● TASK BRIEF
Print the lines from the one containing "Voit pelata hallissa" through the end of the material below, both included, exactly as they appear and without pictures.

● EXTRACTED RECORDS
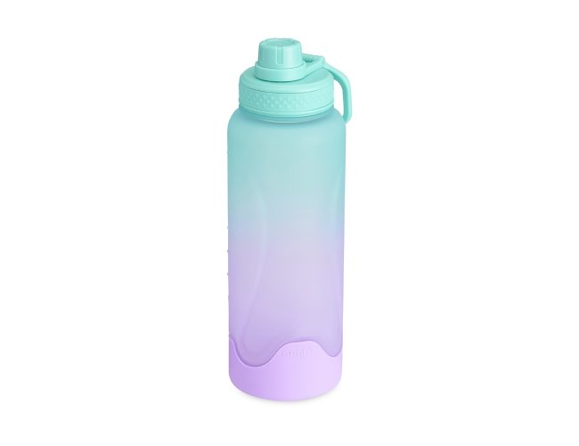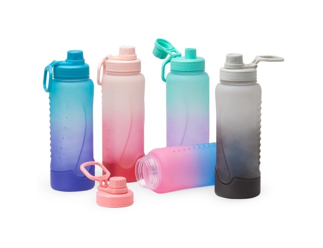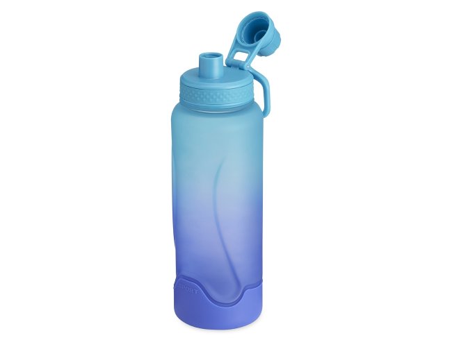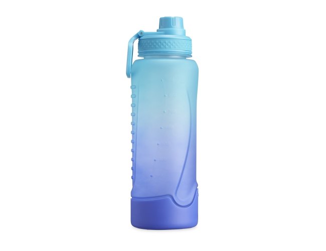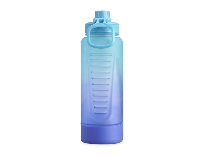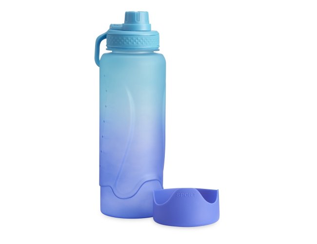 Squeeze plástica 1,1 litros com base de silicone anti-impacto (removível). Tampa com alça para transporte e tampa de proteção para o bocal.
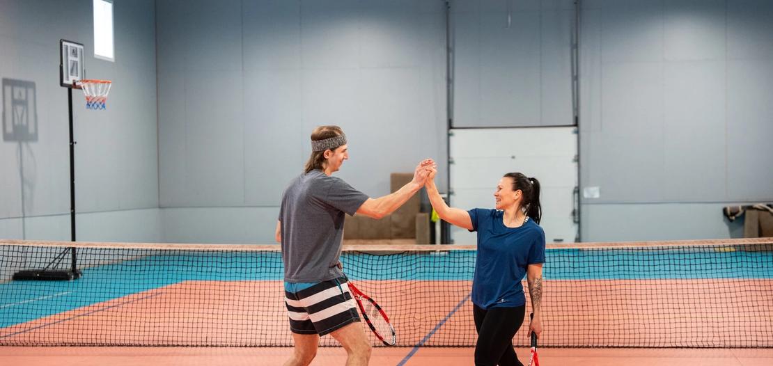 Voit pelata hallissa vaikka tennistä, sulkapalloa, lentopalloa tai sählyä.
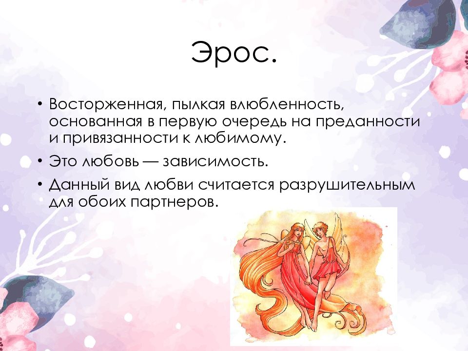 Восторженная, пылкая влюбленность, основанная в первую очередь на преданности и привязанности к любимому. Это любовь — зависимость. Данный вид любви считается разрушительным для обоих партнеров.
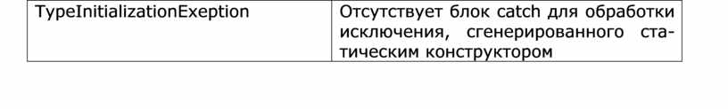 Отсутствует блок catch для обработки исключения, сгенерированного ста- тическим конструктором |
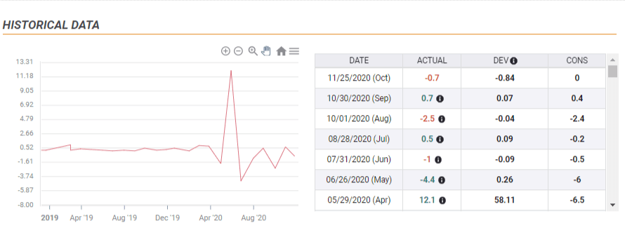 The same report also includes Personal Income data, and that is also projected to decline. A decrease of 0.3% is on the cards, after a retreat of 0.7% in October – falling short of estimates back then.

● ANSWER BOX
 Voit pelata hallissa vaikka tennistä, sulkapalloa, lentopalloa tai sählyä.
 Восторженная, пылкая влюбленность, основанная в первую очередь на преданности и привязанности к любимому. Это любовь — зависимость. Данный вид любви считается разрушительным для обоих партнеров.
 Отсутствует блок catch для обработки исключения, сгенерированного ста- тическим конструктором |
 The same report also includes Personal Income data, and that is also projected to decline. A decrease of 0.3% is on the cards, after a retreat of 0.7% in October – falling short of estimates back then.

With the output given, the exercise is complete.